Stilwell hit the stop button.

“Talk about ice cream. You’re saying a woman with a bashed-in skull got what she deserved. I don’t know—it’s not a good look on you. The best lawyers in the state won’t be able to keep women off the jury. I think if you roll the dice and go to trial, then you go down. That’s how I’d bet it, and I’d bet big.”

Crane had no comeback this time. Stilwell started to believe he was close to breaking him.

“So, let’s review things for a couple minutes here,” he said. “We have video and physical evidence that Leigh-Anne Moss’s body was put on the Emerald Sea in the middle of the night, then taken out to the bay and dumped into the Pacific.

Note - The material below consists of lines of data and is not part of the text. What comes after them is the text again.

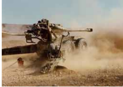
ベースブリードにより39キロより長射程を実現したG5榴弾砲

また優れた研究者をスカウトするという、ことも行われた。火炮の権威であるカナダ人、バル博士(イラクのスーパーガンの開発者)をスカウトして、1983年に世界に先駆けてロケット・アシストを使用せずに射程を大幅に延長できるベース・ブリード弾、モジュラー型の装薬を使用する最大射程39キロの長射程155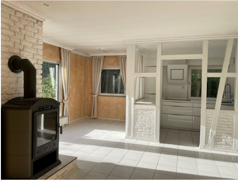
offene Küche mit Essbereich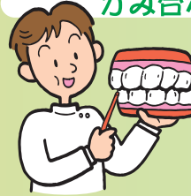
噛み合わせが悪い

偏った噛み方になってしまい、歯の周りの組織に負担がかかり炎症が起こりやすくなります。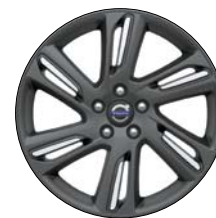
MEFITIS 18" Anthracite/Diamant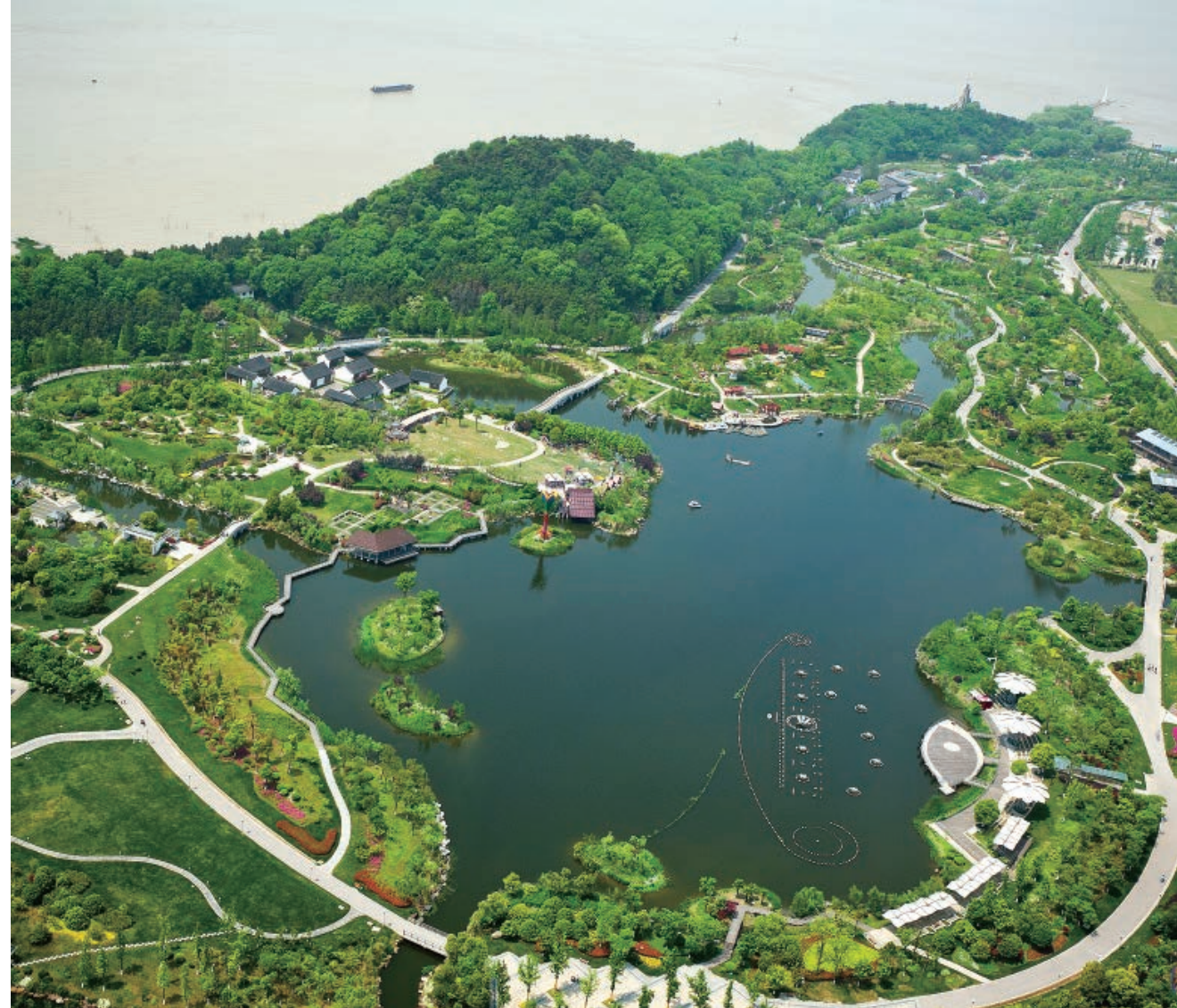
五山森林公园

南通用实际行动诠释了“让森林走进城市、让城市拥抱森林”的创建宗旨要义，也为全国很多地区开展森林城市建设提供了“南通方案”。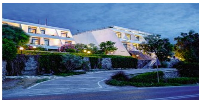
Das Hotel Hippocampus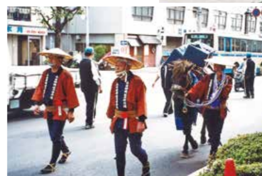
助郷行列パレード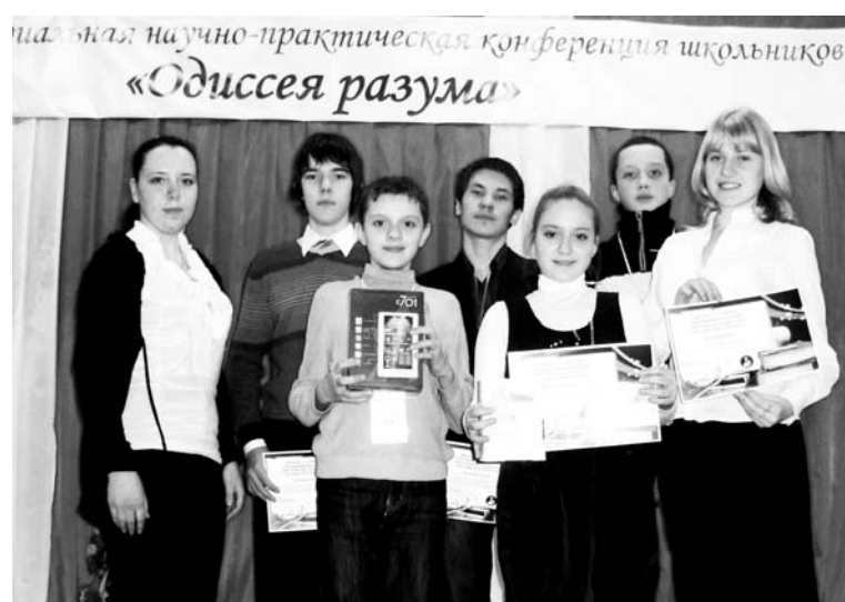
Участники I Межтерриториальной научно-практической конференции «Одиссея разума»

В силу своих интересов эти ребята только прикоснулись к науке, к исследовательским работам. Как знать, может, придет время и кто-то из них сделает величайшее откры-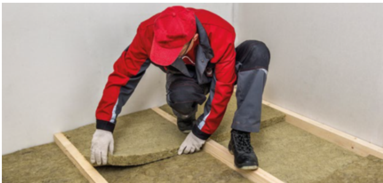
При укладке второго слоя плит необходимо соблюсти разбежку швов и уложить плиты со сдвигом относительно первого слоя.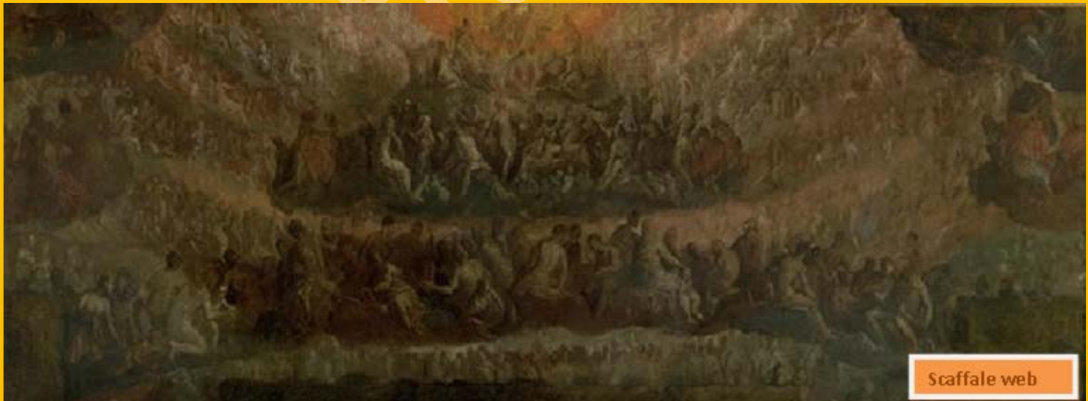
22 - Paolo Caliari, detto VERONESE Bozzetto per il Paradiso, a circa 1578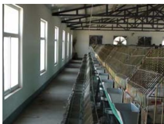
标准化半封闭兔舍及兔笼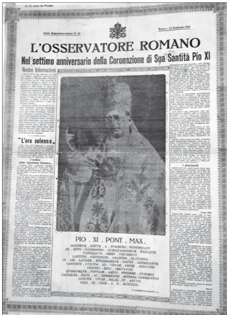
A lateráni egyezmény aláírását követő napon, a L'Osservatore Romano 1929. február 12-én, kedden megjelent lapszámának címlapján XI. Piusz pápa koronázásának hetedik évfordulójáról emlékezik meg, és a római kérdés lezárásáról cikkez 51

Fontos kiemelni, hogy XI. Piusz pápa pontifikátusa alatt az úgynevezett római kérdés rendezésén túlmenően igen élénk diplomáciai erőfeszítések folytak a Szentszék részéről, hogy az első világháborút követő, megváltozott európai viszonyok közepette minél több állammal lehessen rendezni az állam és az egyház viszonyát.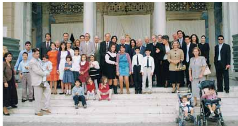
Από τον εκκλησιασμό των πολυτέκνων και την διανομή άρτου.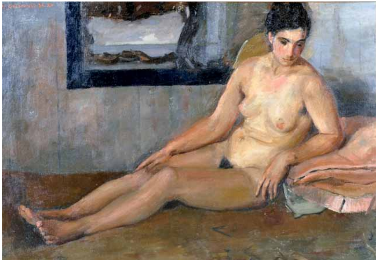
49 CRISCONIO LUIGI (Napoli 1893 - Portici, NA 1946) Nudo femminile olio su tela, cm 44x125 firmato e datato in alto a sinistra: L. Crisconio 34 XII Stima: € 4.000/7.000

We also know that as the manager of the club, you had access to the Emerald Sea .”

“A lot of people have access to that boat,” Crane said. “It proves nothing.”

“But then somehow, like a ghost, somebody said, the body of Leigh-Anne Moss comes back into the harbor with the undersea currents. And who just happens to be in the harbor scraping hulls? Denzel Abbott. Denzel sees the body and now we have a murder. The next day you report the stolen statue and finger Leigh-Anne as the culprit. I think what happened was that you panicked, Charles, and you made up a story, but it was a bad story because here we are.”

Stilwell paused to see if Crane wanted to respond. He said nothing, but his eyes were cast down. Stilwell continued.

“You then get a text from Leigh-Anne’s roommate and you go all the way up the hill to the ZG to confront and threaten her. You have to understand that the prosecution is going to lay this out piece by piece to the jury, like a hammer hitting nails on a coffin. And before you get to trial, I’ll still be working the case, digging up more witnesses and evidence. We’ll search the club top to bottom. If you cleaned up there the way you cleaned up the Emerald Sea, then you’re going to be in more trouble. And I haven’t even begun to question members of the club and employees, other than Buddy Callahan, who you gave me to throw me off the scent.”

Crane turned his face away as though the thought of the members of the club being drawn into a police investigation was a greater embarrassment to him than a murder charge.

Stilwell continued to add pressure.

“Now, you run a boating club, so you must know what Yacht Lock is, right?” Stilwell said. “Mason Colbrink installed it on the Emerald Sea . It’s a hidden GPS transponder that helps the authorities track yachts that get stolen. So we served a search warrant on Yacht Lock and we’ll be getting the GPS for all the Emerald Sea’ s movements. Once we pinpoint the spot where you took the boat out and dumped the body, we’ll put a dive team down. My guess is that they’ll find your missing statue—the murder weapon—and Leigh-Anne’s cell phone. What we don’t get off your phone, in case you were using a burner, we’ll pull off hers. You know, all your texts and maybe some photos. And then we’ll have everything we need to get a conviction and put you away forever.”

“You live in a fantasy world, Stilwell,” Crane said. “Pure fantasy.”

It was a weak comeback. He said it without the defiance he had mustered just moments before.

“Maybe,” Stilwell said. “But I don’t think so. I think the evidence holds up, and a prosecutor is going to see headlines and glory. And you’re going to see the inside of a cell for the rest of your life.”

Stilwell stood up and went to the door but turned back before opening it.

“There’s really only one way out for you,” he said. “Own up to it. Tell me what happened. She played you, used you. She got under your skin and you reacted. Without thinking. You followed her to the door and grabbed the first thing you could get your hands on. You lashed out and you hit her. You didn’t want to kill her; you just wanted to hurt her. Hurt her for hurting you. That’s manslaughter and there’s light at the end of that tunnel. There is no light at the end of murder one.”

Crane smirked and seemed to be calling on his last ounce of bravado.

“Nice try,” he said. “Can I call my lawyer now?”

“I’ll get the phone,” Stilwell said.

He opened the door and looked back at Crane.

“I think I like it better this way,” he said. “Knowing you’ll never be able to use or hurt another woman again.”

Stilwell stepped out and closed the door.